→ **Supplied entries**:
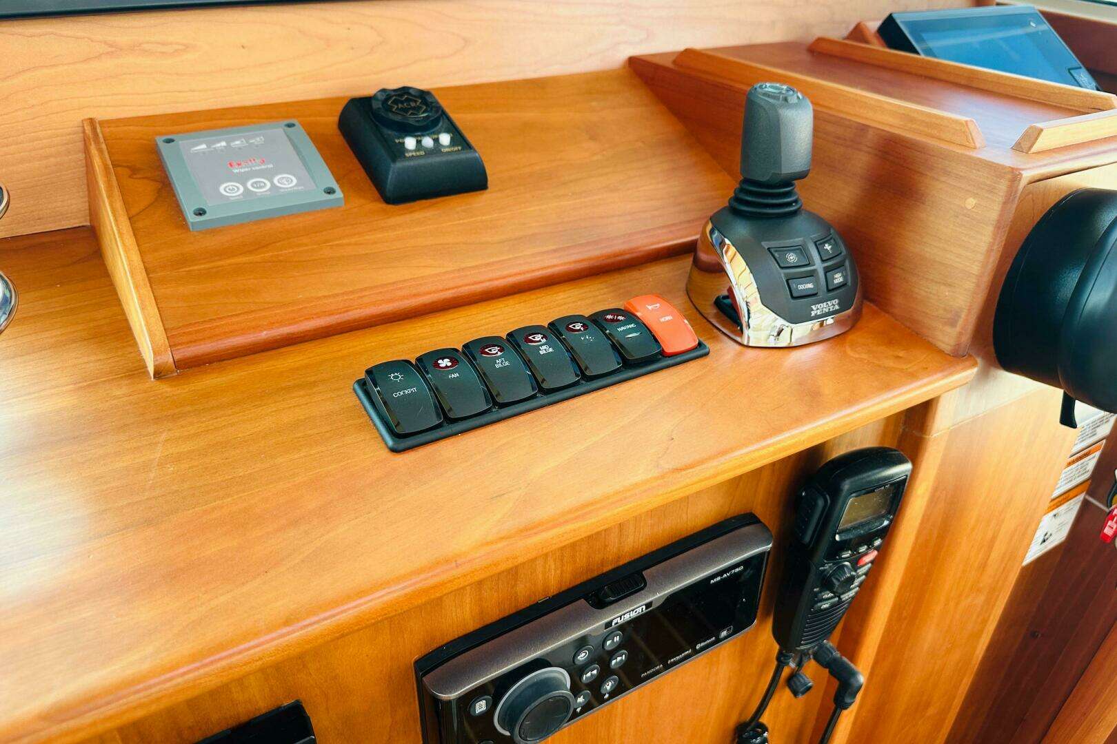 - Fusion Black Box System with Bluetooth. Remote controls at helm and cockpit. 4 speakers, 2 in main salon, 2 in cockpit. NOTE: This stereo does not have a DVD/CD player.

* * *

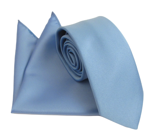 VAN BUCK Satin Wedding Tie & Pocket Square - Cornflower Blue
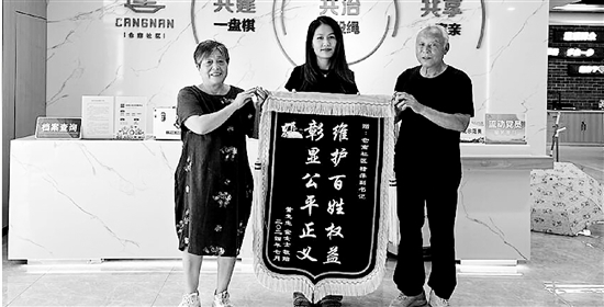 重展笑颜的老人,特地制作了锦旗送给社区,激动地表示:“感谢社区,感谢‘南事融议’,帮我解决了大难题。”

* * *

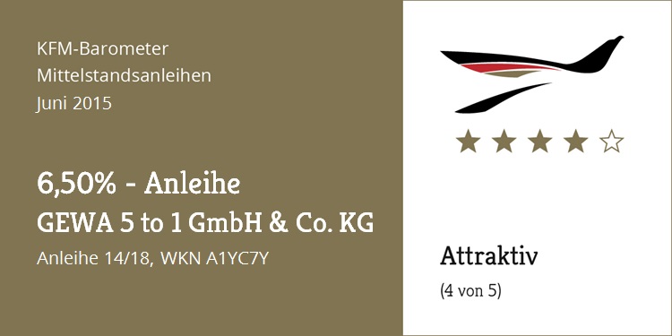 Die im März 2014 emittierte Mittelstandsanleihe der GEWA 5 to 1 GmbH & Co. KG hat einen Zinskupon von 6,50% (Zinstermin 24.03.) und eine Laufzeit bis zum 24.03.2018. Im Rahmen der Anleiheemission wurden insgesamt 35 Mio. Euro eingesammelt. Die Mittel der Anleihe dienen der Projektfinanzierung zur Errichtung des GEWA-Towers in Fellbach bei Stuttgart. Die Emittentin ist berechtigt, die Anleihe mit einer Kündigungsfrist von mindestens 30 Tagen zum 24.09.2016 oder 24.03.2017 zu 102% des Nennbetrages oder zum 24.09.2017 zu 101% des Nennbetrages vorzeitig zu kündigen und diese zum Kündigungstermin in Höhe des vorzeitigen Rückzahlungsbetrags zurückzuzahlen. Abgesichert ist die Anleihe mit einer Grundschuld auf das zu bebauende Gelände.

→ **Problem to solve**: Each line from the one that contains "VAN BUCK Satin" down to the one that contains "重展笑颜的老人,特地制作了锦" is to be returned exactly as it stands above, both ends included, with pictures removed.

→ **Reply**:
 VAN BUCK Satin Wedding Tie & Pocket Square - Cornflower Blue
 重展笑颜的老人,特地制作了锦旗送给社区,激动地表示:“感谢社区,感谢‘南事融议’,帮我解决了大难题。”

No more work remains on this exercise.